In the records below, find the line with "2012-08-16 - L.R." and repeat exactly every line from it through the line with "Built-in dual-coloured LED". Pictures stay out.
-------- Data under study
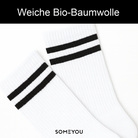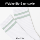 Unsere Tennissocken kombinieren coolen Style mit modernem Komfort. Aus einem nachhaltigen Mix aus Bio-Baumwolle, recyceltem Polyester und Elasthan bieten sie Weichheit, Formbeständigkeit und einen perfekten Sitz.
----------------
-------- Data under study
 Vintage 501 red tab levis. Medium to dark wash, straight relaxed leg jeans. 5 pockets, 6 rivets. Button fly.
----------------
-------- Data under study
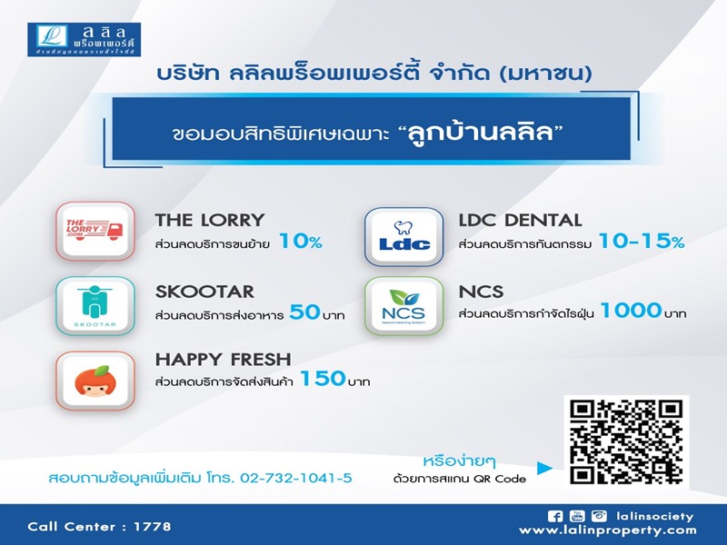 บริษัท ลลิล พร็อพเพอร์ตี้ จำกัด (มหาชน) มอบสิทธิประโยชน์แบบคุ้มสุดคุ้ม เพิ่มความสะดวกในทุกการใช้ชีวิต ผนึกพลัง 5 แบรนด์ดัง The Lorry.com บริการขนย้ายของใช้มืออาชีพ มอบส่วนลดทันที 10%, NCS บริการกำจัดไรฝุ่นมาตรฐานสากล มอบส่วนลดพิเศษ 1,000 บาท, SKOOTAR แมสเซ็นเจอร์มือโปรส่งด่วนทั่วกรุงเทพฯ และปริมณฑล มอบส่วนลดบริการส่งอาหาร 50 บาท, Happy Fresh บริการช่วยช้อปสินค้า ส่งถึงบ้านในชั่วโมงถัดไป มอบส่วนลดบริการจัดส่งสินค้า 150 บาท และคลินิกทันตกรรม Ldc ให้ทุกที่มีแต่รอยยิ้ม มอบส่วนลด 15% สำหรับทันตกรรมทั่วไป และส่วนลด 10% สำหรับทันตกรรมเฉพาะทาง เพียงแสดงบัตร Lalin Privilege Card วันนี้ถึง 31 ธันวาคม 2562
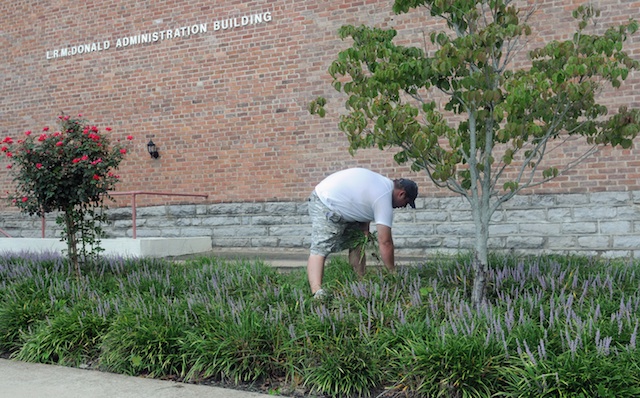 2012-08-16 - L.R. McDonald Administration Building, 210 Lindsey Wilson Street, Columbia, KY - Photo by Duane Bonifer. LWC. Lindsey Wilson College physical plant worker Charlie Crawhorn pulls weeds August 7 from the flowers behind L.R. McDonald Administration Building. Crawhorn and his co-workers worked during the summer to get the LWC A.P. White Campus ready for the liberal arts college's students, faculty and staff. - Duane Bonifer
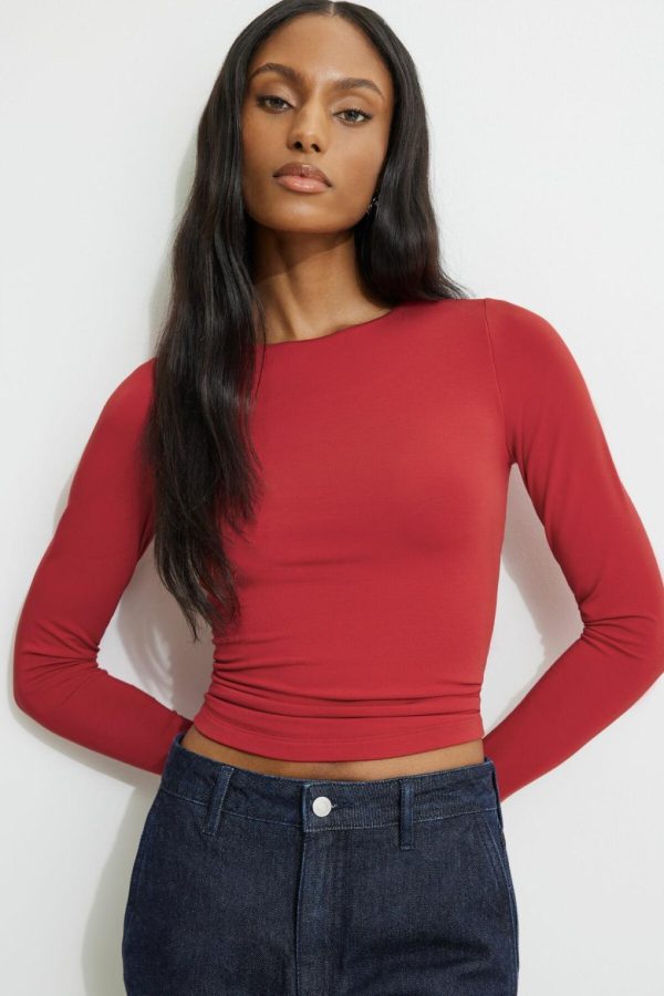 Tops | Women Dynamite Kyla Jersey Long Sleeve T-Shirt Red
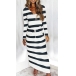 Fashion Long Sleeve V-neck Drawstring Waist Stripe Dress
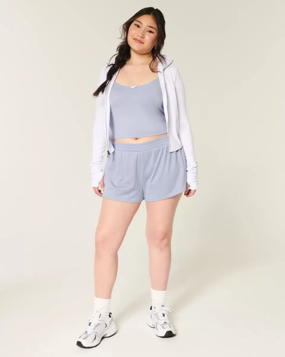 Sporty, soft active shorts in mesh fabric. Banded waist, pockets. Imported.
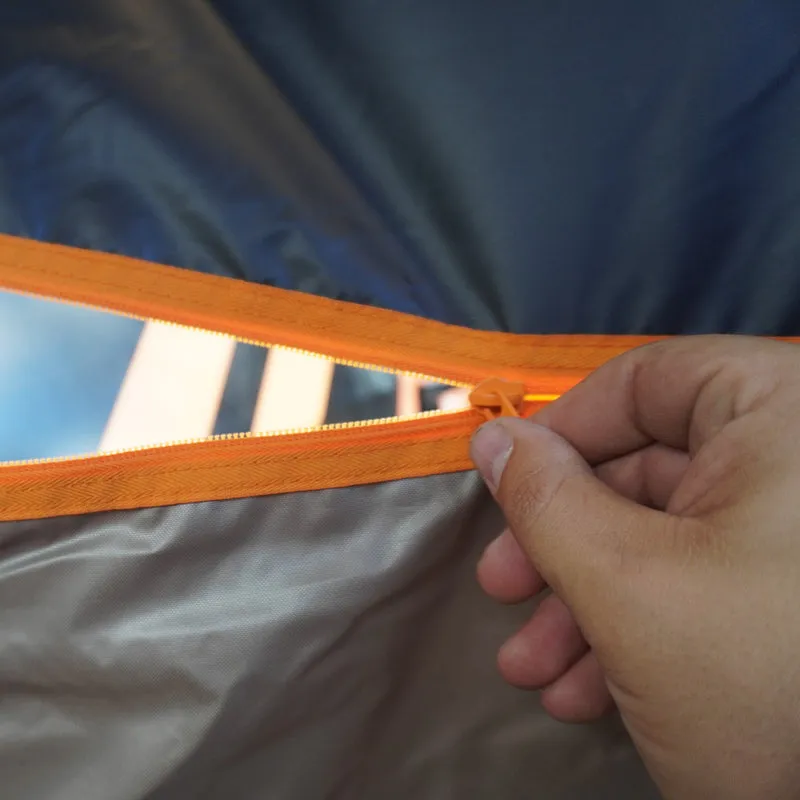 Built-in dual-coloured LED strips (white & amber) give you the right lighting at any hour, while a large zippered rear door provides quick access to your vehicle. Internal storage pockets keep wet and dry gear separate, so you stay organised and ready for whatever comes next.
----------------
§ Finished task
 2012-08-16 - L.R. McDonald Administration Building, 210 Lindsey Wilson Street, Columbia, KY - Photo by Duane Bonifer. LWC. Lindsey Wilson College physical plant worker Charlie Crawhorn pulls weeds August 7 from the flowers behind L.R. McDonald Administration Building. Crawhorn and his co-workers worked during the summer to get the LWC A.P. White Campus ready for the liberal arts college's students, faculty and staff. - Duane Bonifer
 Tops | Women Dynamite Kyla Jersey Long Sleeve T-Shirt Red
 Fashion Long Sleeve V-neck Drawstring Waist Stripe Dress
 Sporty, soft active shorts in mesh fabric. Banded waist, pockets. Imported.
 Built-in dual-coloured LED strips (white & amber) give you the right lighting at any hour, while a large zippered rear door provides quick access to your vehicle. Internal storage pockets keep wet and dry gear separate, so you stay organised and ready for whatever comes next.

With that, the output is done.